■ **Your objective**: Exactly as they appear below, repeat the lines from the one with "12月6日晚,太阳集团tyc" through the one with "Many studies have". Drop every picture.

■ **Source material**:
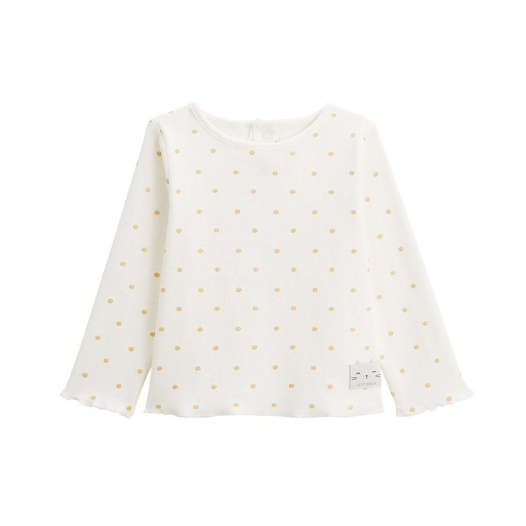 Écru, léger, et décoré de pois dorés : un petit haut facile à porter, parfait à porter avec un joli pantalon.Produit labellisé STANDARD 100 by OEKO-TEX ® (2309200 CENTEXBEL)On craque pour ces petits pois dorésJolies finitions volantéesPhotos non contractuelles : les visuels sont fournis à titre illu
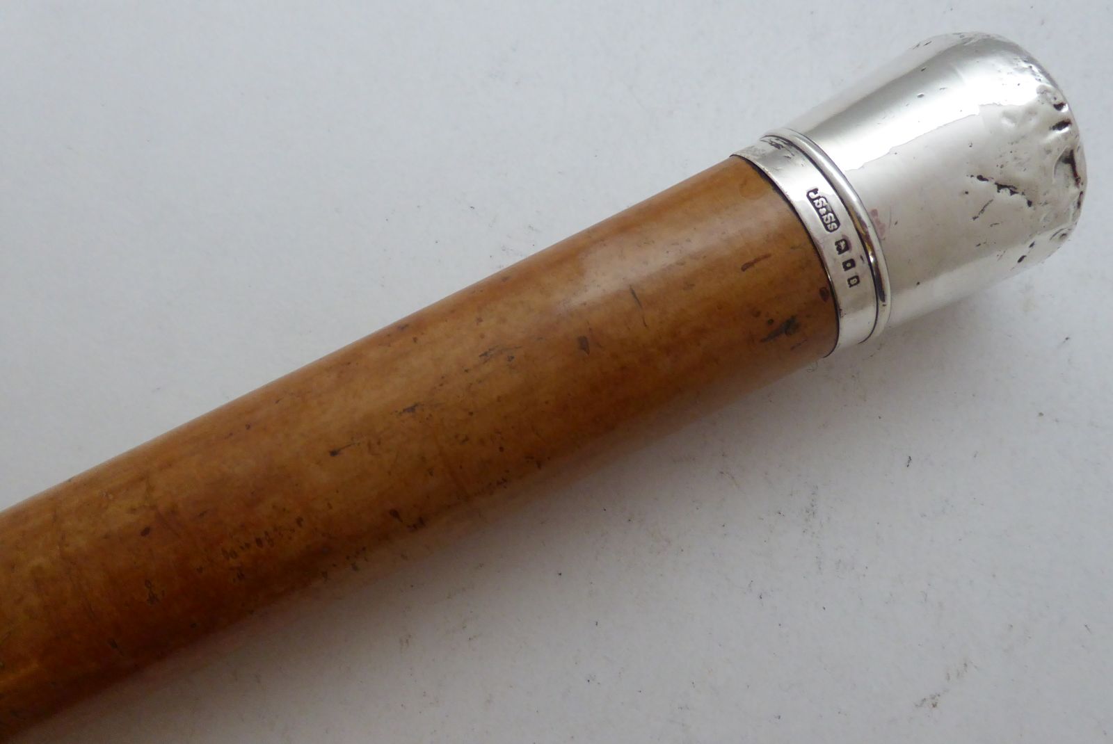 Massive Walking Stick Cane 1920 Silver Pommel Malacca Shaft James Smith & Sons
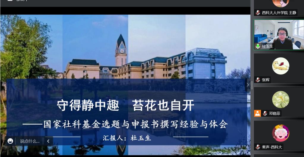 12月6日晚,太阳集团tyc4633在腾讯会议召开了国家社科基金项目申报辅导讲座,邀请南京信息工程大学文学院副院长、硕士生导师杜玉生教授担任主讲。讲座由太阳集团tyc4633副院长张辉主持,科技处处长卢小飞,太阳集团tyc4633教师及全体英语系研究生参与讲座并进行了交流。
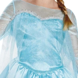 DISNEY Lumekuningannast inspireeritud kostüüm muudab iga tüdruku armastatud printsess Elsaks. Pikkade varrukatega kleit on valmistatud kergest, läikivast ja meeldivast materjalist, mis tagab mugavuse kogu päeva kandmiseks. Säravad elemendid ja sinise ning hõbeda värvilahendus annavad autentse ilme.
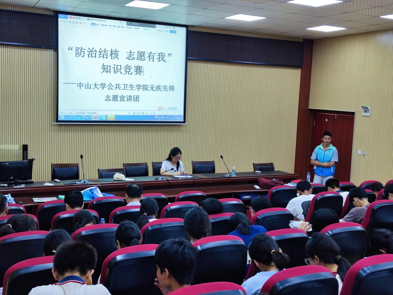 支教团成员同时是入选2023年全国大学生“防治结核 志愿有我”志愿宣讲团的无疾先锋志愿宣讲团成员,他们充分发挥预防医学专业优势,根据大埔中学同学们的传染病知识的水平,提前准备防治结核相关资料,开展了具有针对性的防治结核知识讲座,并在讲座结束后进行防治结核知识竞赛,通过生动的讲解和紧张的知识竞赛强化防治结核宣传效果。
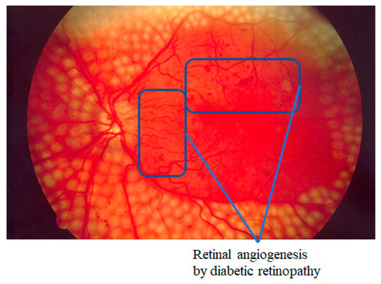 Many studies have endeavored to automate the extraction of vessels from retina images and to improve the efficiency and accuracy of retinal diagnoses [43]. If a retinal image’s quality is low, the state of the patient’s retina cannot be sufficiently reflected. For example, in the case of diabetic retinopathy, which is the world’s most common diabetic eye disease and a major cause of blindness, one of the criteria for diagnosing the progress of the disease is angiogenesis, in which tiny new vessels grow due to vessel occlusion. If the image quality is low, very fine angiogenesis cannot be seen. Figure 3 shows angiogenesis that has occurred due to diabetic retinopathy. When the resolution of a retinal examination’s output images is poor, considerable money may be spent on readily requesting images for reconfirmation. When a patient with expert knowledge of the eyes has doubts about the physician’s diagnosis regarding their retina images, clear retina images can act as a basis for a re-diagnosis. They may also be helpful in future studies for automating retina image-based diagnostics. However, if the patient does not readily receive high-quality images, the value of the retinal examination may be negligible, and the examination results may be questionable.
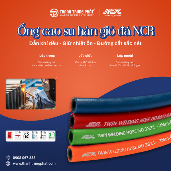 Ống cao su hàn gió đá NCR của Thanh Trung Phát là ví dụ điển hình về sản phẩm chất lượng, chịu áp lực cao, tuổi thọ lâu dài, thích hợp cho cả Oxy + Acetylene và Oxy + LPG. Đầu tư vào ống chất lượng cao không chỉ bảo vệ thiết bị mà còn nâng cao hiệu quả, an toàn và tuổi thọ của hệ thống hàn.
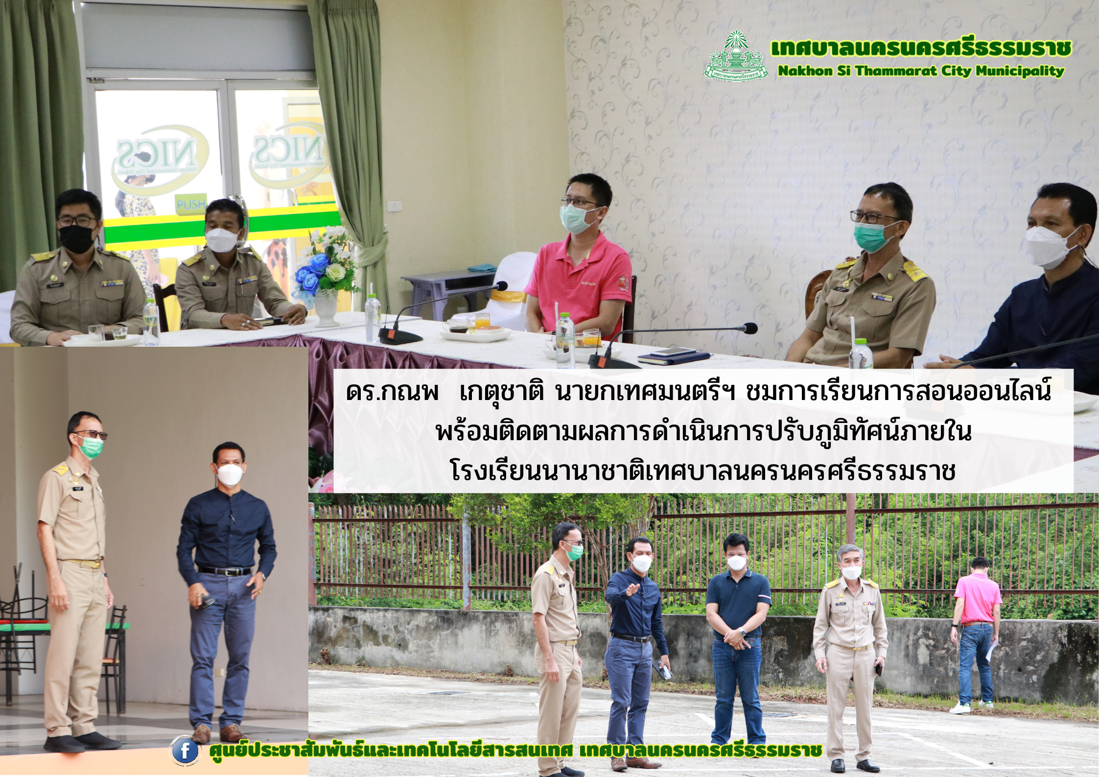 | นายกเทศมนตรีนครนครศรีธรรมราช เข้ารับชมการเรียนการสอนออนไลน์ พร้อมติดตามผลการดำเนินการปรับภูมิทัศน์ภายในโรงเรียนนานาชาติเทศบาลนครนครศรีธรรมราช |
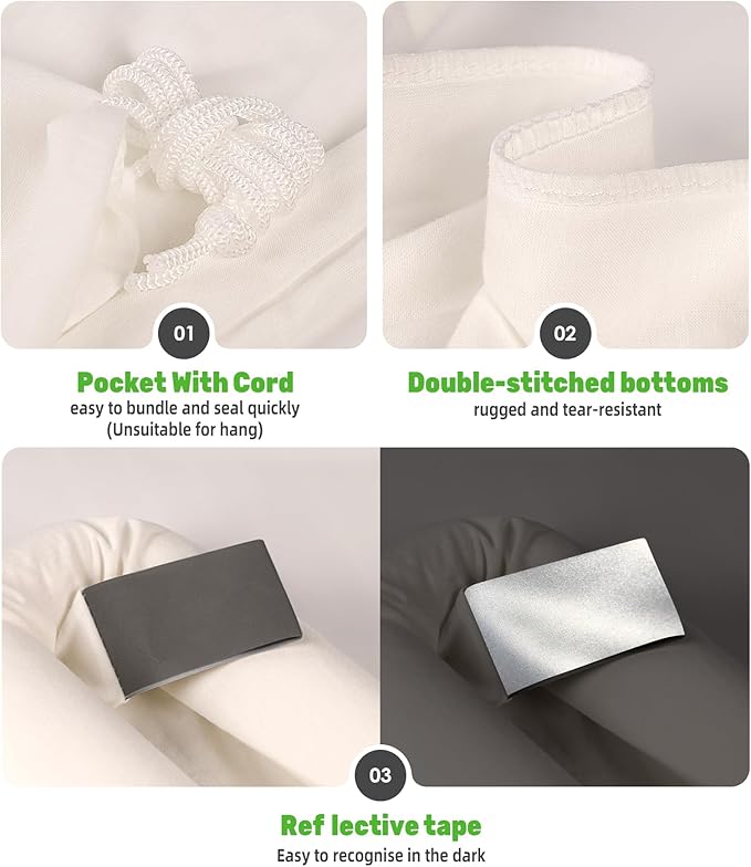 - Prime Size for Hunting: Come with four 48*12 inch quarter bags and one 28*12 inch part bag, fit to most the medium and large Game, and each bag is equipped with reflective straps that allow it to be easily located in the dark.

* * *

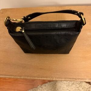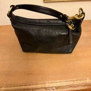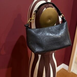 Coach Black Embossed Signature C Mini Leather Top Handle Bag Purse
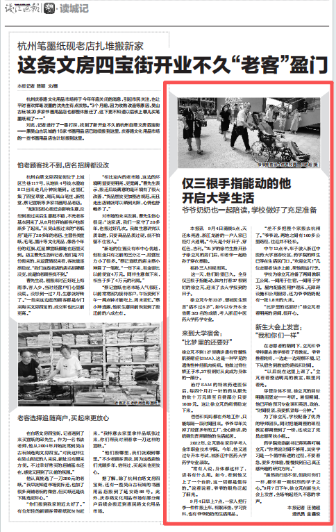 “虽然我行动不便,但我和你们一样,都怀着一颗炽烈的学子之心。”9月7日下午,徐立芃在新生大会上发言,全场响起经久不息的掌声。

■ **Result of the task**:
 12月6日晚,太阳集团tyc4633在腾讯会议召开了国家社科基金项目申报辅导讲座,邀请南京信息工程大学文学院副院长、硕士生导师杜玉生教授担任主讲。讲座由太阳集团tyc4633副院长张辉主持,科技处处长卢小飞,太阳集团tyc4633教师及全体英语系研究生参与讲座并进行了交流。
 DISNEY Lumekuningannast inspireeritud kostüüm muudab iga tüdruku armastatud printsess Elsaks. Pikkade varrukatega kleit on valmistatud kergest, läikivast ja meeldivast materjalist, mis tagab mugavuse kogu päeva kandmiseks. Säravad elemendid ja sinise ning hõbeda värvilahendus annavad autentse ilme.
 支教团成员同时是入选2023年全国大学生“防治结核 志愿有我”志愿宣讲团的无疾先锋志愿宣讲团成员,他们充分发挥预防医学专业优势,根据大埔中学同学们的传染病知识的水平,提前准备防治结核相关资料,开展了具有针对性的防治结核知识讲座,并在讲座结束后进行防治结核知识竞赛,通过生动的讲解和紧张的知识竞赛强化防治结核宣传效果。
 Many studies have endeavored to automate the extraction of vessels from retina images and to improve the efficiency and accuracy of retinal diagnoses [43]. If a retinal image’s quality is low, the state of the patient’s retina cannot be sufficiently reflected. For example, in the case of diabetic retinopathy, which is the world’s most common diabetic eye disease and a major cause of blindness, one of the criteria for diagnosing the progress of the disease is angiogenesis, in which tiny new vessels grow due to vessel occlusion. If the image quality is low, very fine angiogenesis cannot be seen. Figure 3 shows angiogenesis that has occurred due to diabetic retinopathy. When the resolution of a retinal examination’s output images is poor, considerable money may be spent on readily requesting images for reconfirmation. When a patient with expert knowledge of the eyes has doubts about the physician’s diagnosis regarding their retina images, clear retina images can act as a basis for a re-diagnosis. They may also be helpful in future studies for automating retina image-based diagnostics. However, if the patient does not readily receive high-quality images, the value of the retinal examination may be negligible, and the examination results may be questionable.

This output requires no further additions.